WHAT IS EXPECTED: Keeping pictures out of the copy, restate each record word for word.

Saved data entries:
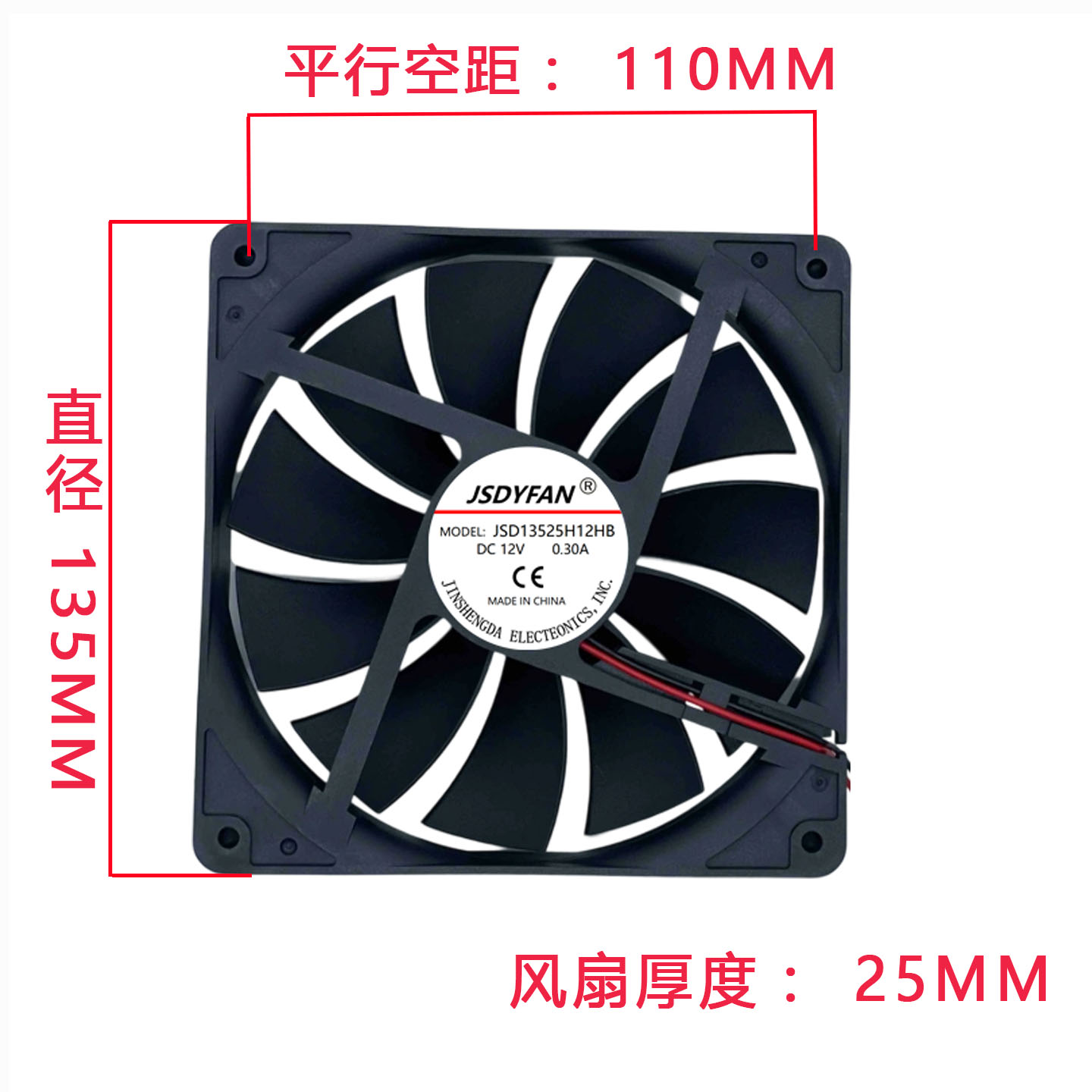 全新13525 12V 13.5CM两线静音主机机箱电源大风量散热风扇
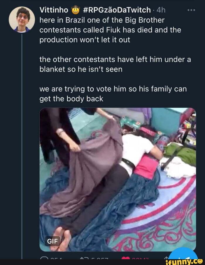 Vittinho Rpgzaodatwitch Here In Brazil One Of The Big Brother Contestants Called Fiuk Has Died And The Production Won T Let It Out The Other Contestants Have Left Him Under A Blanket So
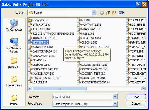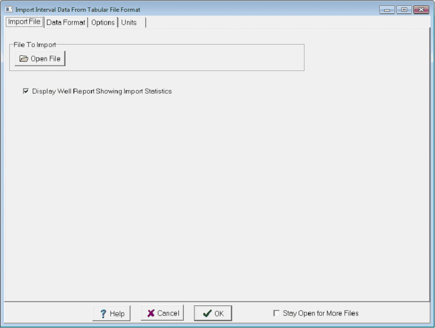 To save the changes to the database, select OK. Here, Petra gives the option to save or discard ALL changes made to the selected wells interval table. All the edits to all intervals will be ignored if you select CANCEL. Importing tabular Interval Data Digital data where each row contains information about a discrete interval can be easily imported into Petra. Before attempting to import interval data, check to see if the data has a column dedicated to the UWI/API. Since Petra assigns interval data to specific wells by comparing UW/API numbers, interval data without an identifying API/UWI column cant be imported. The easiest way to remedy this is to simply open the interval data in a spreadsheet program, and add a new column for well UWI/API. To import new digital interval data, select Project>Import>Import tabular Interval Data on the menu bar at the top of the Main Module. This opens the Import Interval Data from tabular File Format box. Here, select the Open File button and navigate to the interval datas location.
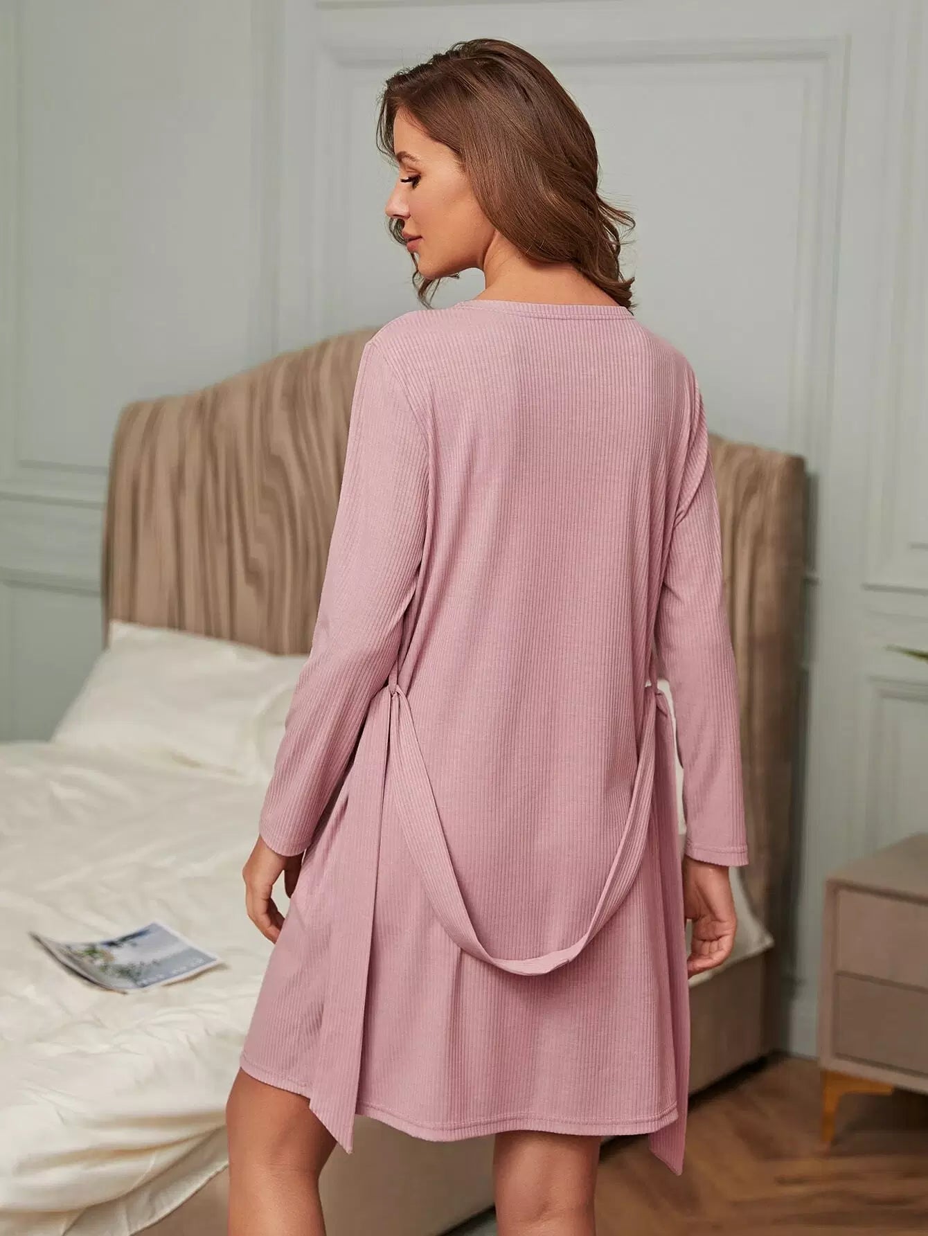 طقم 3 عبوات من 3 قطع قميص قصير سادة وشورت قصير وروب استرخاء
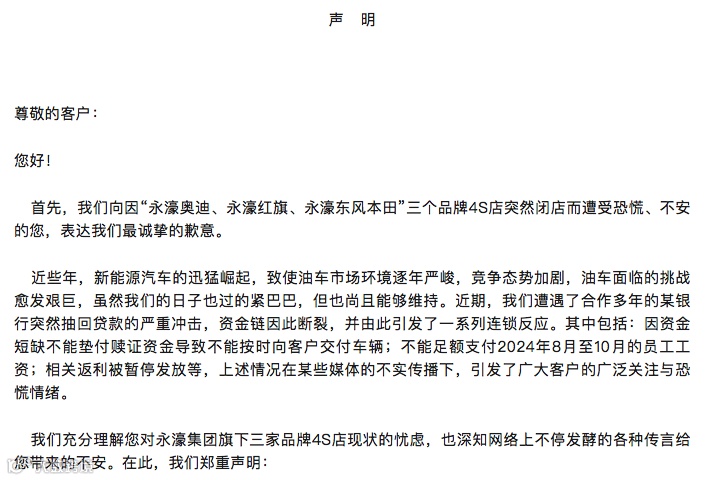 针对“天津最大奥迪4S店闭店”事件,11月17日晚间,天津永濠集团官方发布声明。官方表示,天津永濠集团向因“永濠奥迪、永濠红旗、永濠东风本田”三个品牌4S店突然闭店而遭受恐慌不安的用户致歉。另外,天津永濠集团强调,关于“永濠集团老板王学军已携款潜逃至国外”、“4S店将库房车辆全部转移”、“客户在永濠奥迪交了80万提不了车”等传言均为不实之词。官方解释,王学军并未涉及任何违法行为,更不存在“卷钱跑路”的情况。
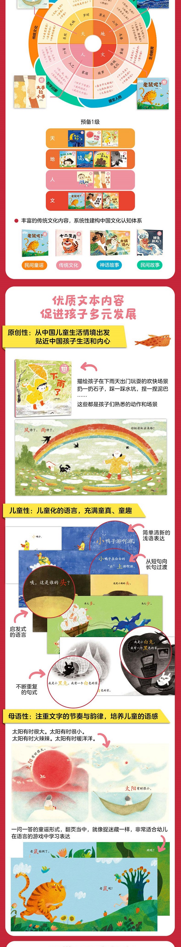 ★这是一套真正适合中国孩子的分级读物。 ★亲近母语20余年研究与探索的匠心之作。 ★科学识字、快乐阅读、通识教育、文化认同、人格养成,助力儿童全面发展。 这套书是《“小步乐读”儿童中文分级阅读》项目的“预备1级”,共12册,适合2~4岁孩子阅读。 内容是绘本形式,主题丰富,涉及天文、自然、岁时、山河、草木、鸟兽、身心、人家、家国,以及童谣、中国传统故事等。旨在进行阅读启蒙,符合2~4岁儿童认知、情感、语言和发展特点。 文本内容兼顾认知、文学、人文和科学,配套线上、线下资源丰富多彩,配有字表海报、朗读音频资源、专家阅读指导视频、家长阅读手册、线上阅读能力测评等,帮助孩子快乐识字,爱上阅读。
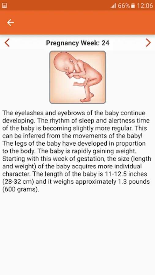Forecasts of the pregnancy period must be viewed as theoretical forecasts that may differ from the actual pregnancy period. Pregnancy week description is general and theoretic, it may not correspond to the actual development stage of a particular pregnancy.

TASK RESULT:
 全新13525 12V 13.5CM两线静音主机机箱电源大风量散热风扇
 Vittinho Rpgzaodatwitch Here In Brazil One Of The Big Brother Contestants Called Fiuk Has Died And The Production Won T Let It Out The Other Contestants Have Left Him Under A Blanket So
 To save the changes to the database, select OK. Here, Petra gives the option to save or discard ALL changes made to the selected wells interval table. All the edits to all intervals will be ignored if you select CANCEL. Importing tabular Interval Data Digital data where each row contains information about a discrete interval can be easily imported into Petra. Before attempting to import interval data, check to see if the data has a column dedicated to the UWI/API. Since Petra assigns interval data to specific wells by comparing UW/API numbers, interval data without an identifying API/UWI column cant be imported. The easiest way to remedy this is to simply open the interval data in a spreadsheet program, and add a new column for well UWI/API. To import new digital interval data, select Project>Import>Import tabular Interval Data on the menu bar at the top of the Main Module. This opens the Import Interval Data from tabular File Format box. Here, select the Open File button and navigate to the interval datas location.
 طقم 3 عبوات من 3 قطع قميص قصير سادة وشورت قصير وروب استرخاء
 针对“天津最大奥迪4S店闭店”事件,11月17日晚间,天津永濠集团官方发布声明。官方表示,天津永濠集团向因“永濠奥迪、永濠红旗、永濠东风本田”三个品牌4S店突然闭店而遭受恐慌不安的用户致歉。另外,天津永濠集团强调,关于“永濠集团老板王学军已携款潜逃至国外”、“4S店将库房车辆全部转移”、“客户在永濠奥迪交了80万提不了车”等传言均为不实之词。官方解释,王学军并未涉及任何违法行为,更不存在“卷钱跑路”的情况。
 ★这是一套真正适合中国孩子的分级读物。 ★亲近母语20余年研究与探索的匠心之作。 ★科学识字、快乐阅读、通识教育、文化认同、人格养成,助力儿童全面发展。 这套书是《“小步乐读”儿童中文分级阅读》项目的“预备1级”,共12册,适合2~4岁孩子阅读。 内容是绘本形式,主题丰富,涉及天文、自然、岁时、山河、草木、鸟兽、身心、人家、家国,以及童谣、中国传统故事等。旨在进行阅读启蒙,符合2~4岁儿童认知、情感、语言和发展特点。 文本内容兼顾认知、文学、人文和科学,配套线上、线下资源丰富多彩,配有字表海报、朗读音频资源、专家阅读指导视频、家长阅读手册、线上阅读能力测评等,帮助孩子快乐识字,爱上阅读。
Forecasts of the pregnancy period must be viewed as theoretical forecasts that may differ from the actual pregnancy period. Pregnancy week description is general and theoretic, it may not correspond to the actual development stage of a particular pregnancy.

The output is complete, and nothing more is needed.